The overall prevalence of inhibitors in hemophilia is estimated a

The overall prevalence of inhibitors in hemophilia is estimated at 5–7% for hemophilia A and 1.5–4% for hemophilia B. Inhibitor incidence is higher in severe hemophilia A patients at initial treatment (previously untreated patients, PUPs, average incidence 25%),

with a peak incidence after 14–20 days of treatment (exposure days, ED). In severe hemophilia B patients the incidence varies Tanespimycin datasheet between 9 and 23%, with a peak incidence at 7–10 ED. The incidence of inhibitors in hemophilia A patients after the initial treatment period (previously treated patients, PTPs) is estimated at around 0.2/100 patient years, with the upper limit of the confidence interval at 0.4. Very little is known about the natural history of inhibitors in the absence of treatments aiming at their eradication (immunotolerance induction, ITI). “
“The principles of pharmacokinetic (PK) dose tailoring in clinical practice, using

limited blood sampling and Bayesian PK analysis, have been described for factor VIII (FVIII).
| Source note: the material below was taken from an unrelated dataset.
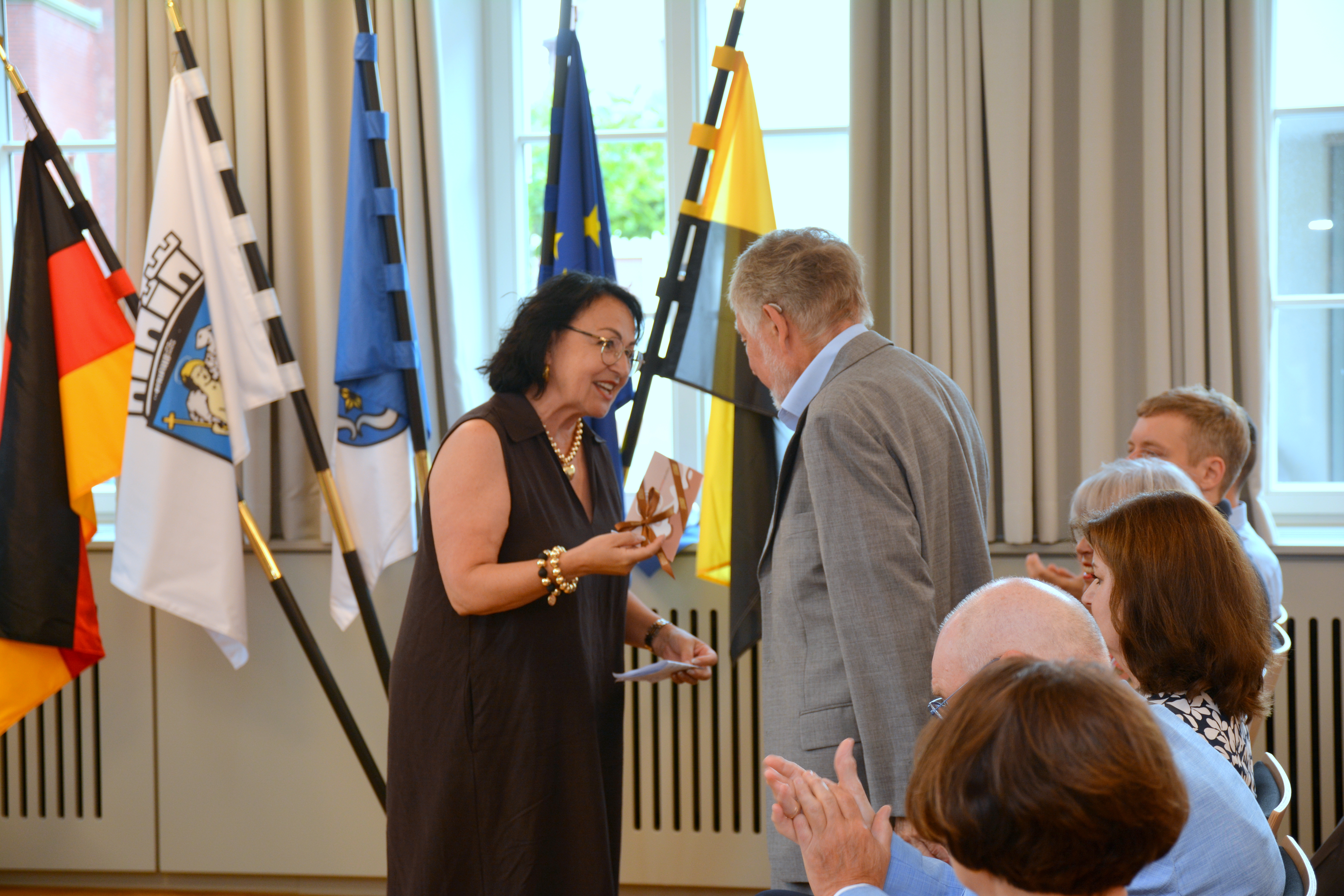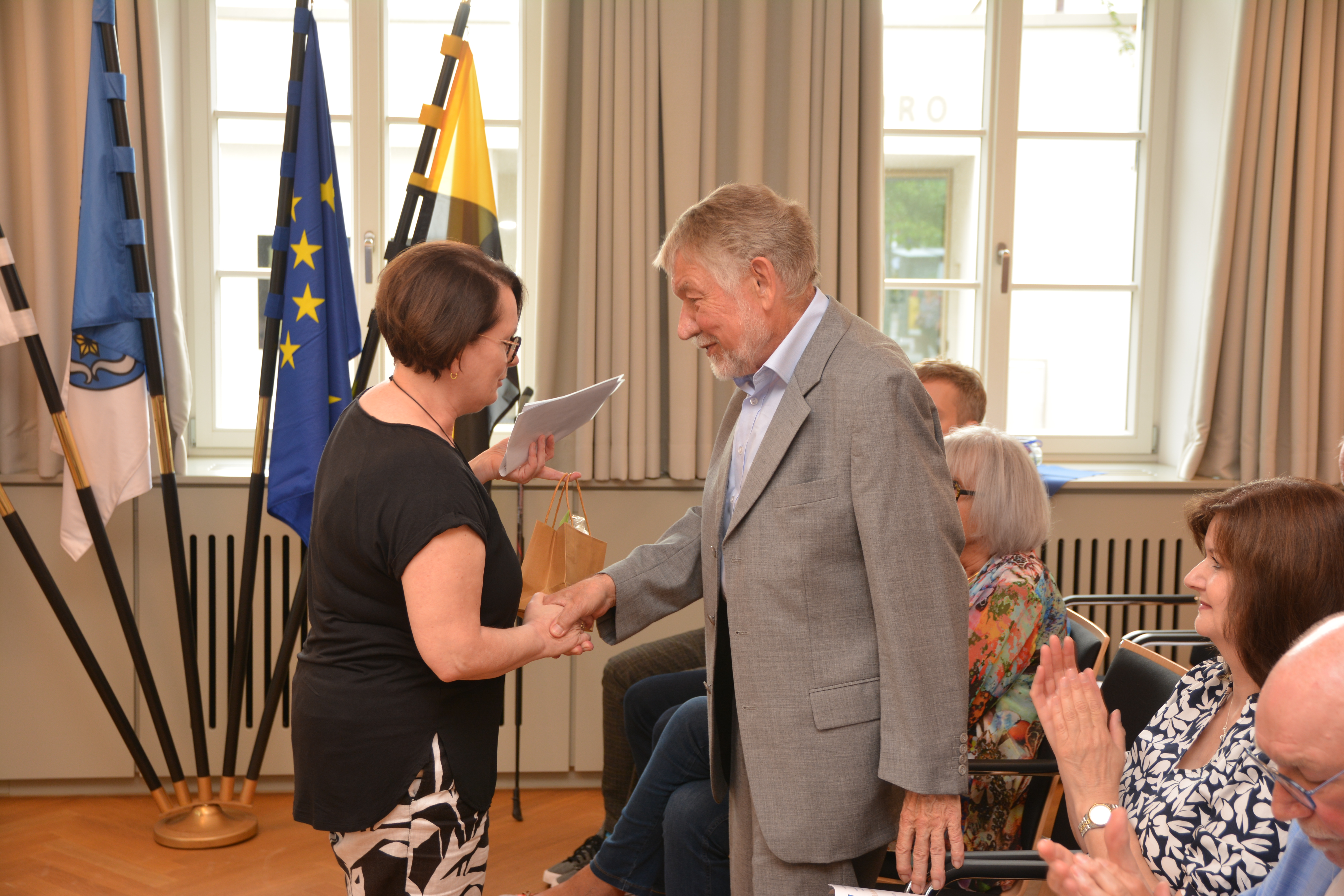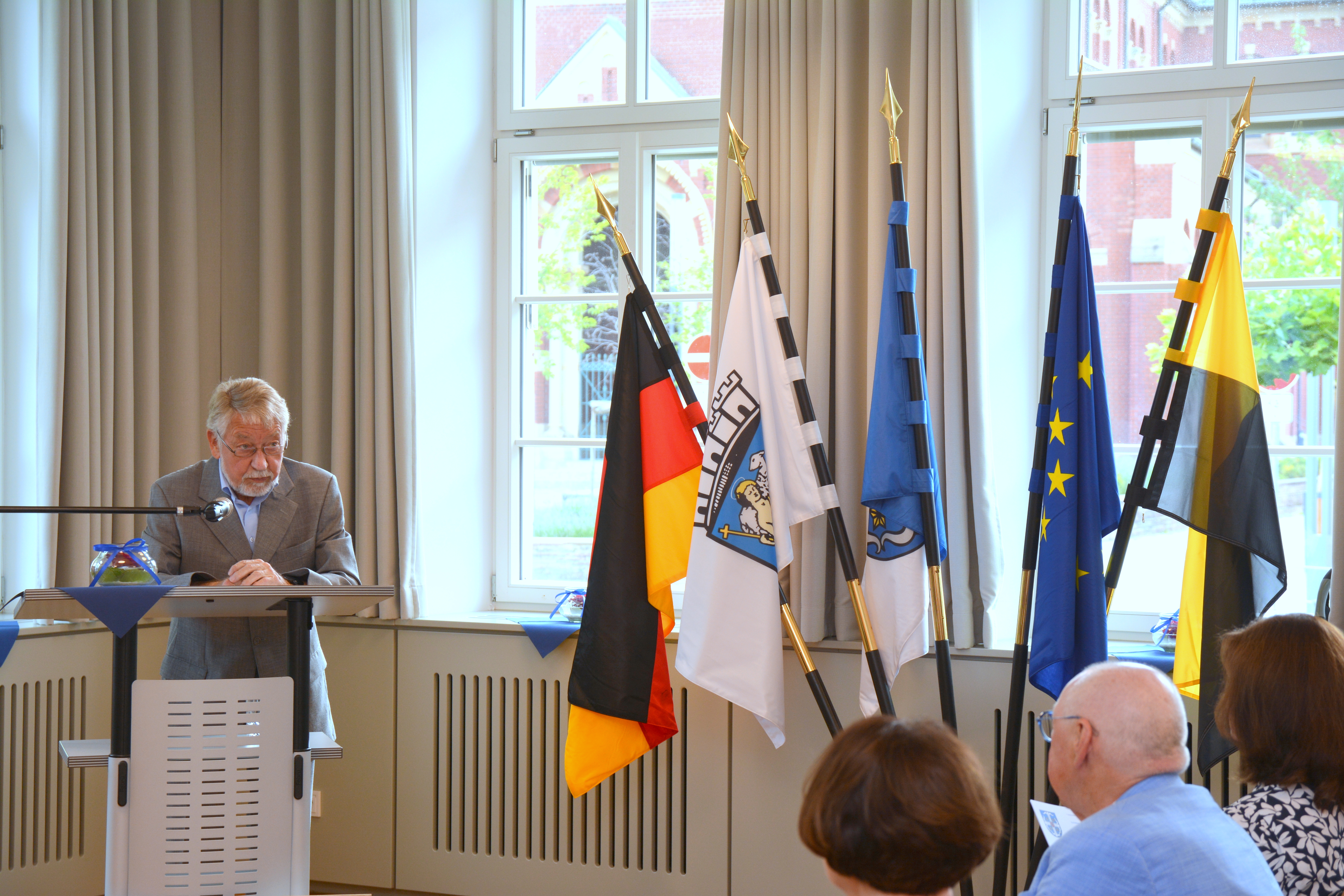 „Sie waren und sind das moralische Gewissen dieses Rates.“ Zitate von Seneca, dem römischen Philosophen und Dramatiker, waren der rote Faden durch die Laudatio des Verwaltungsoberhaupts. Seneca versinnbildliche Unabhängigkeit im Denken, Verantwortung gegenüber der Gemeinschaft und Respekt vor der Natur – wiederzufinden in der Haltung des neuen Ehrenbürgers. Der heute 82-Jährige beeindrucke mit einem großen Wissen in der Bauleitplanung.

This study applied the same procedure to recombinant FIX (rFIX), i.e. population PK modelling and the use of a simplified (one-compartment) model to describe only the terminal part of the coagulation factor vs. time curve. Data from a previous study on rFIX in 56 patients (4–56 years, 18–133 kg) were used to define a three-compartment population PK model. The average FIX clearance was 8.4 mL h−1 kg−1. Selleck EGFR inhibitor Elimination half-life ranged between 14 and 27 h. Data obtained from 24 h after the infusion were found to define the terminal phase of FIX disposition. second Doses to produce a target trough FIX level (set at 0.01 IU mL−1) at 72 h predicted by the Bayesian analysis, with blood sampling at either 24, 48 and 72 h or at only 24 and 48 h, were within −40% to +67% of those predicted using the three-compartment model, and within −57% to +125% for targeting a level at 96 h. These errors were lower than the overall interindividual variance in dose requirements. As three-compartment models are needed to characterize the PK of both plasma-derived

FIX and rFIX, simplification to a one-compartment model is less straightforward than for FVIII, and the methodology should be investigated further before clinical application. Limited blood sampling and Bayesian analysis could still, however, be potentially useful for targeting rFIX trough levels during prophylaxis. “
“Summary.  Radiosynoviorthesis (RS) is an intra-articular injection of a radioactive colloid for the treatment of synovitis administered most often to patients with rheumatoid arthritis or haemophilia. Although highly cost-effective in comparison with surgical or arthroscopic synovectomy, the risk of cancer associated with this treatment is not well known. We evaluated the incidence of cancer in a group of patients treated with RS.